1. This is a petition in which it is sought to revise an order made by the District Munsif of Chodavaram declining to set aside an award passed by arbitrators. The first point taken is that the award is invalid as it was not made by the arbitrators unanimously. It was decided in Ayyasawmi Mudaliar v. Appandai Nynan 54 Ind. Cas. 912 : 38 M.L.J. 145 following the United Kingdom Mutual Steamship Assurance Association v. Houston & Co. (1893) 1 Q.B. 507 : 65 L.J.Q.B. 484, that an award to be enforceable in law must be the award of all the arbitrators without difference. Here, however, there is this distinction, that the petition of reference itself clearly states 'we shall accept as final the award given by the majority of the Panchayatdars'. The award is signed by a majority of three out of five. The District Munsif has found as facts that all the arbitrators were present at the deliberations, that two dissented from the decision of the majority and that they were not present when the award was actually written. He rightly concluded that the last fact did not vitiate the proceedings. There is nothing wrong in parties agreeing to abide by the award of a majority. Here the award has been signed by a majority and it is binding on the parties to the reference. It is conceded that parties who can contract for themselves can agree to a majority award, but it is said that the mother and guardian acted improperly and to the prejudice of the minor in consenting to an award by a majority. It is argued that although such a submission might have been lawful had it been made by parties both of whom were sui juris, it could not be sustained when one of the parties was a minor represented by a guardian. And reference was made to Sanyasi v. Venkata Rao : AIR1923Mad301 . The facts of that case were, however, entirely different, there the minor's mother and guardian consented to an arbitrator deciding the minor's claim upon information and evidence, howsoever obtained by the arbitrator. It was held that the guardian's consent amounted to a surrender of the minor's rights and that the arbitrator's eventual decision was vitiated by this misconduct and was invalid under Section 15 of Schedule II, Civil Procedure Code. The ruling has no application.

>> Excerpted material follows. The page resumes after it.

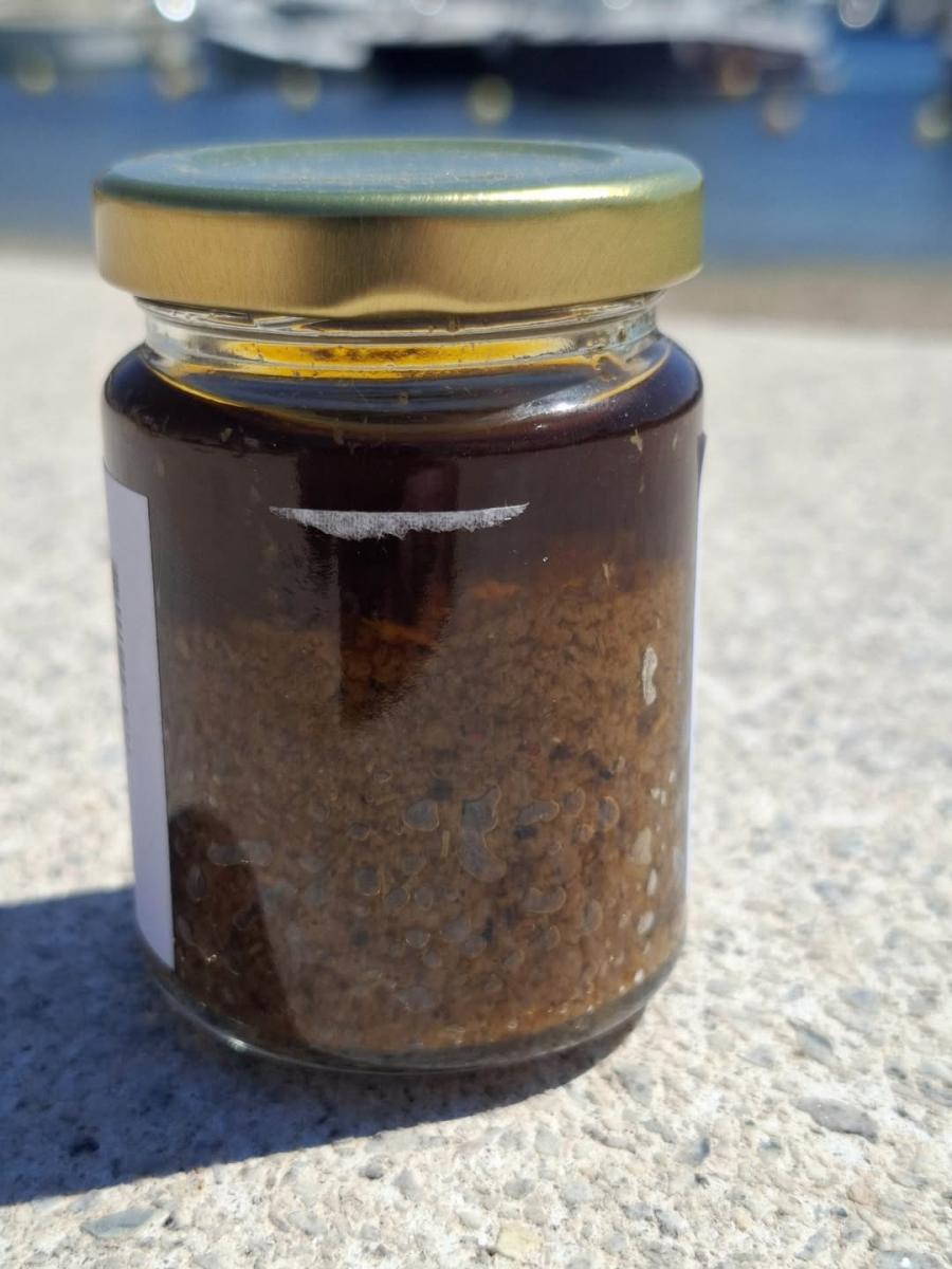 Ses Ingrédients : huile tournesol, jus de citron, sel, oignon, coriandre, ail, paprika, graine de moutarde jaune, poivre noir de Madagascar, romarin, cumin, persil, baies roses de Madagascar.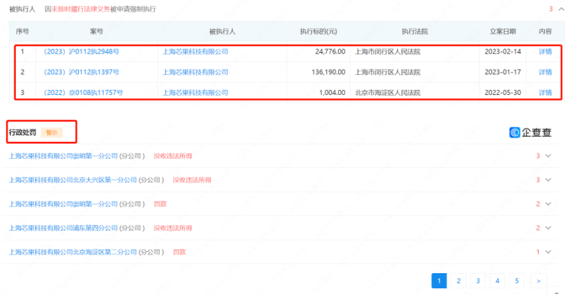 企查查顯示,好特賣主體公司上海芯果科技有限公司僅行政處罰一項(xiàng)就高達(dá)28條,此外還有3次被強(qiáng)制執(zhí)行。

2. It was urged that the guardian cannot validly do anything which is beyond the ordinary course of litigation. I do not consider that agreeing to abide by a majority award is materially different from agreeing to abide by the award of a single person; and it cannot be said that such a course would be invalid. It is anomalous that the minor is still represented by the same guardian whose action is now characterised by her Advocate as grossly imprudent and detrimental. This is not a case where the guardian committed the interests of the minor into the absolute power of Panchayatdara who were permitted to follow a procedure opposed to natural justice; and the objection fails.

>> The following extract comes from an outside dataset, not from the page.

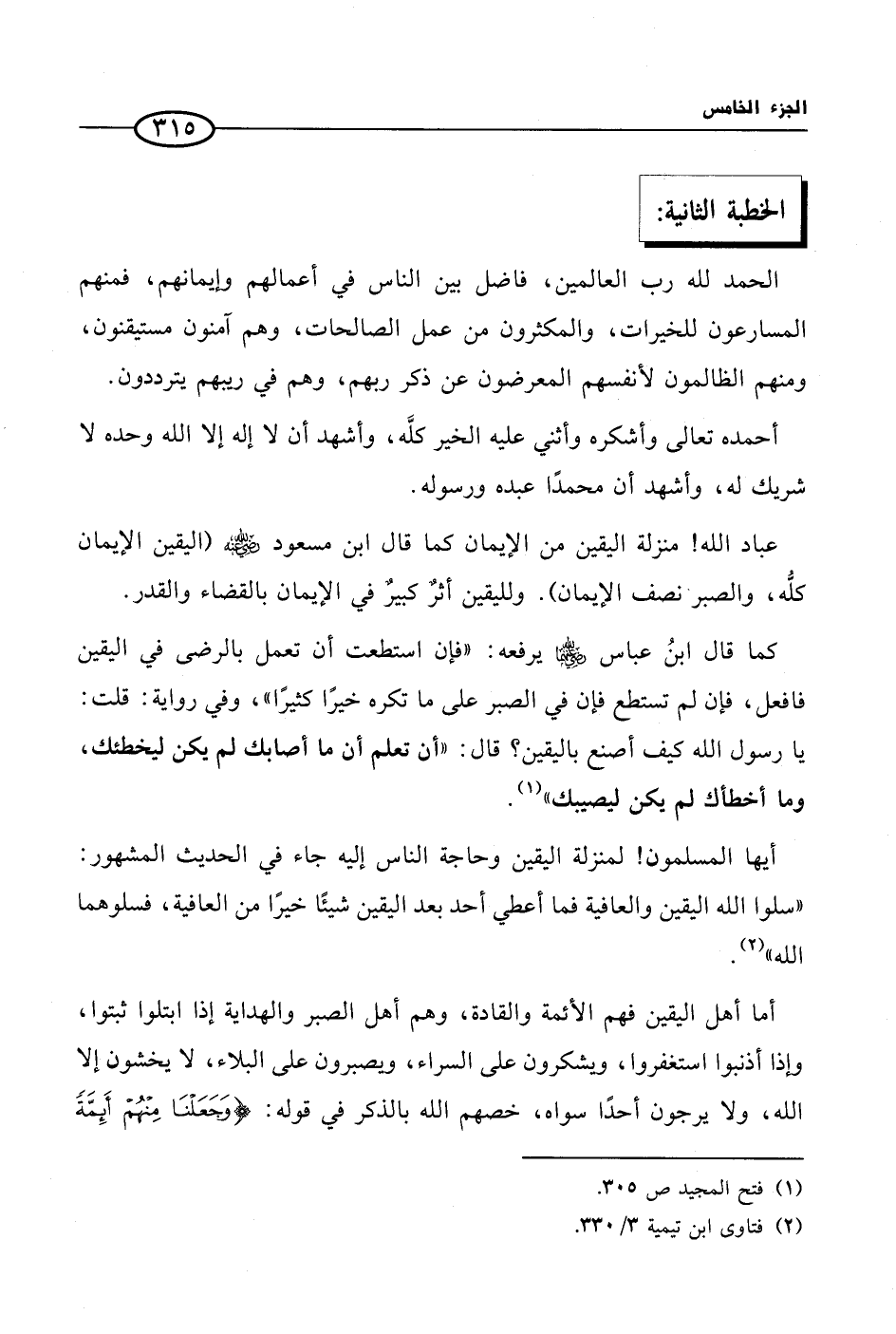 عباد الله! منزلة اليقين من الإيمان كما قال ابن مسعود رضي الله عنه (اليقين الإيمان كلُّه، والصبر نصف الإيمان). ولليقين أثرٌ كبيرٌ في الإيمان بالقضاء والقدر. كما قال ابنُ عباس رضي الله عنهما يرفعه: ((فإن استطعت أن تعمل بالرضى في اليقين فافعل، فإن لم تستطع فإن في الصبر على ما تكره خيرًا كثيرًا))، وفي رواية: قلت: يا رسول الله كيف أصنع باليقين؟ قال: ((أن تعلم أن ما أصابك لم يكن ليخطئك، وما أخطأك لم يكن ليصيبك)) (¬1).

3. Thirdly, it is said that the award is bad because it is based on personal knowledge and because there must be express permission before personal knowledge can be imported. Reliance is placed on Krottapalli Gopalam v. Myneni Suryanarayana : (1926)50MLJ514 . In that case, however, the decision of the arbitrators was based only on their personal knowledge; moreover it was passed by a majority of only one and that one borrowed his knowledge at second hand from two of his fellow arbitrators. In the present case a reading of the award clearly shows that it was based on the documentary and oral evidence adduced by the plaintiff.
4. The fact that one of the three documents was produced by a Panahayatdar makes no difference. So far as appears the 'only facts known to us' on which reliance may have been placed are the facts stated in para. 3 that the 1st defendant is maintaining the guardian and also the minor which may equally be a conclusion from the plaintiff's evidence. The award is this based entirely or almost entirely on the evidence. The Panahayatdars were probably selected because of their personal knowledge and that knowledge they only used to understand and appreciate the evidence. They were appointed to decide 'whether they examine the proceedings in this suit and witnesses or not' which can only mean that if they did not make an enquiry they were to decide, on their personal knowledge. But in fact they decided on the documentary and oral evidence as is clear on the face of the award;
5. There is absolutely no ground which would justify interference with the procedure and order of the Court below in dealing with the objections to the award, and the petition is dismissed with costs.